What To Eat When Sick With A Cold

It is hard to believe that not long ago I was basking in the warmth and sunshine of Siesta Key Beach. The bad news is that I got sick while there with a tenacious bug.

Should you feed or starve your cold or flu?
Listen to your body and eat when you feel like it, but don’t neglect to keep your intake of fluids up. You need lots of water and other liquids when you are ill.

With son #2 in Florida last week!

Here are a dozen ways to nourish yourself while nursing a miserable cold:

1. Soup – Any kind is good (miso, vegetable or homemade, animal-based bone broths) but studies have been done that validate the healing power of chicken stock. The heat and steam will help with sinus congestion and warm your body – just stay away from MSG infused cubes.

2. Juice – Freshly pressed juice is great for fighting a cold. I like mine to be mostly green vegetables (such as cucumber, celery, parsley, dill, asparagus or broccoli stems, etc.) with lemon or lime. I also throw in a little ginger and garlic. I use a single augur masticating juicer that is great for both hard and leafy vegetables (Omega 8004).

3. Tea – Green tea is particularly good for the immune system – just skip the milk and sugar if you have black tea. Sugar depresses our immune function. A little raw honey is antibacterial, antimicrobial and can help suppress coughs.

4. Garlic – The compound allicin in raw garlic is antiviral and will speed healing. I add it to juice, dips, salad dressings or even just on crackers!

5. Smoothies – These are easy to make, nutrient dense and soothing to a sore throat. Use a plant-based protein powder, hemp seeds, flax seeds, nut or coconut milk, some greens and a little fruit such as frozen berries. Even just fruit and greens blended with some ice and water is delicious and nutritious.

6. Eggs – Whether boiled, scrambled or poached, these provide high quality protein and are quick to prepare when you are not feeling well.

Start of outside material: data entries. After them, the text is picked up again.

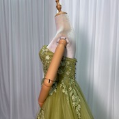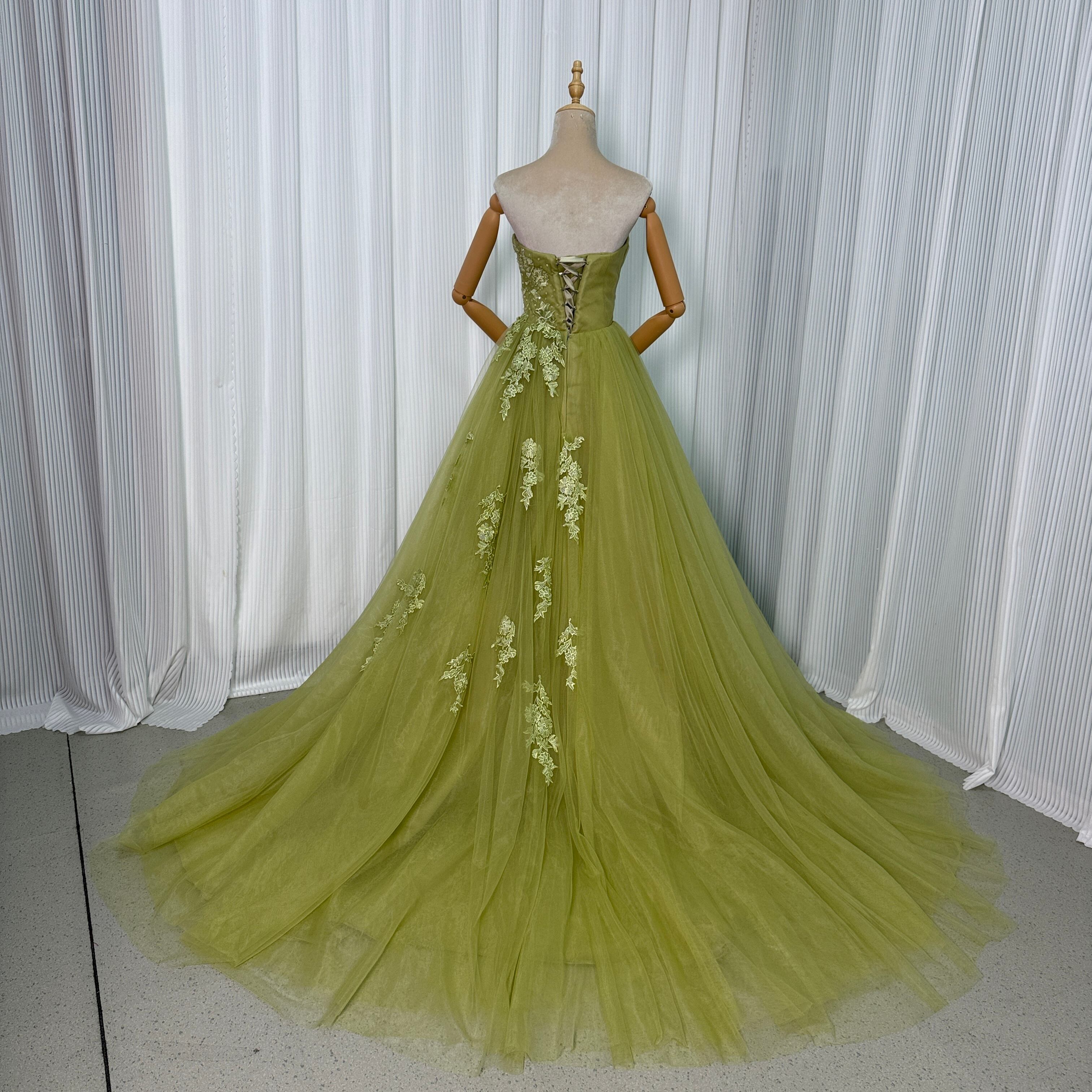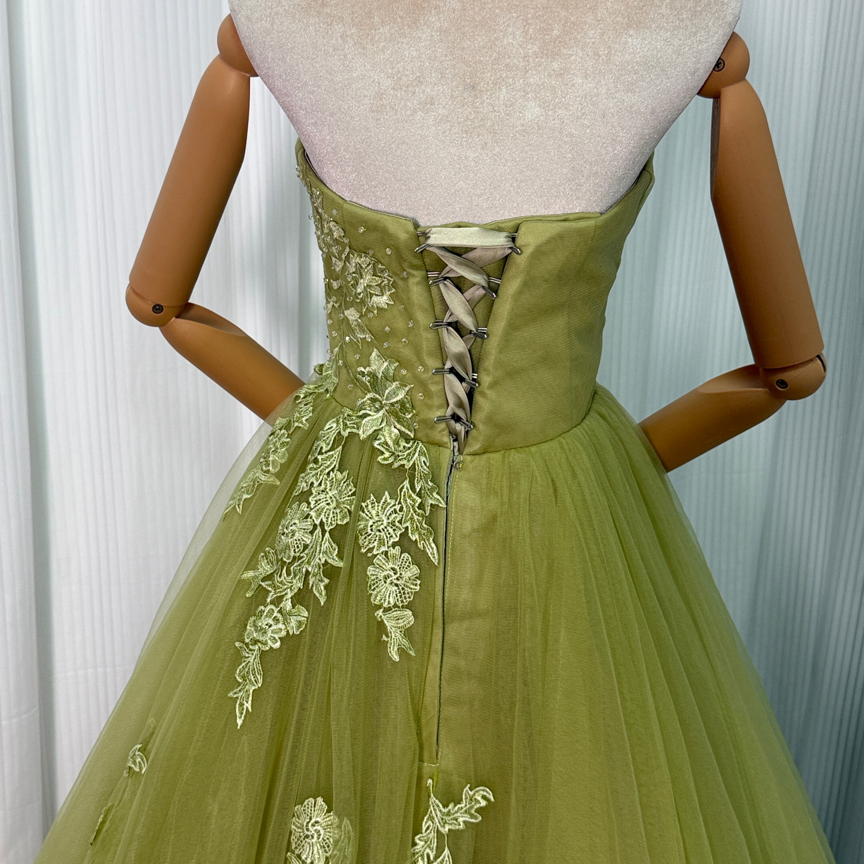 カラードレス グリーン グリーン ベアトップ 編み上げ トレーン チュールドレス 花嫁 前撮り
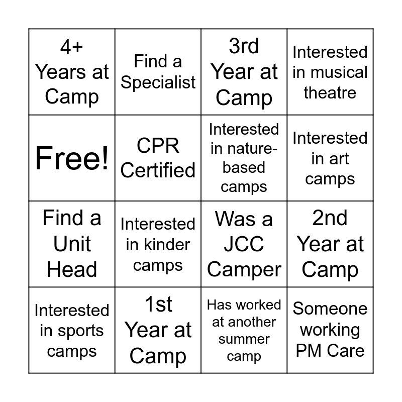 This bingo card has 16 words: 1st Year at Camp, 2nd Year at Camp, 3rd Year at Camp, 4+ Years at Camp, Find a Unit Head, Find a Specialist, Was a JCC Camper, Has worked at another summer camp, Free!, CPR Certified, Interested in sports camps, Interested in musical theatre, Interested in kinder camps, Interested in art camps, Interested in nature-based camps and Someone working PM Care.
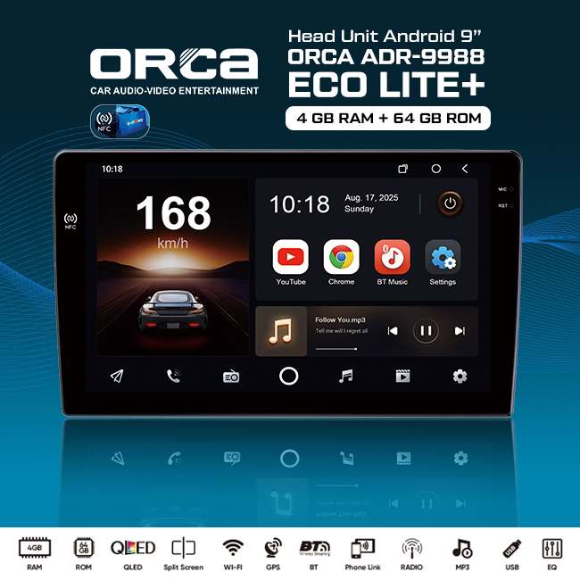 Head Unit Android Orca Eco Lite Plus NFC Series ADR-9988 4/64GB

7. Citrus – Make sure to eat the white pith, which is rich in bioflavanoids. When making cold-pressed juice, remove just the zest (unless you don’t mind the bitter taste) and leave the white part to run through the juicer. I like to make lemonade or limeade, sweetened with stevia, which is a natural, herbal sweetener that does not affect blood sugar or depress your immune system.

8. Culinary spices – Turmeric, cloves, cinnamon and ginger, added to tea or soups can help to sweat out a fever.

9. Avoid dairy – although studies are contradictory (some recommend yogurt), I find it increases mucous formation, so I feel better staying away while sick with a cold. Instead, purchase non-dairy milk or yogurt (coconut or almond are two choices) as a substitute.

10. Pineapple – This delicious, sweet, tropical fruit is packed with vitamins & minerals, including Vitamin C. Fresh pineapple has the additional benefit of the digestive enzyme, bromelain, which has anti-inflammatory properties and helps heal coughs and other cold symptoms.

11. Watermelon – This refreshing fruit is high in glutathione, the body’s most abundant antioxidant. If watermelons are not in season, cabbage, broccoli, collards and kale are also good sources.

12. Spicy foods – These are natural decongestants that will thin mucous secretions. Avoid if you have an upset stomach and instead have some whole grain or gluten free crackers or a banana, which are easily digestible and bland.

In addition to eating well and staying hydrated, keep warm and get lots of rest. Catch up on your backlog of reading (or Netflix) if you feel up to it and before you know it you will be up and around!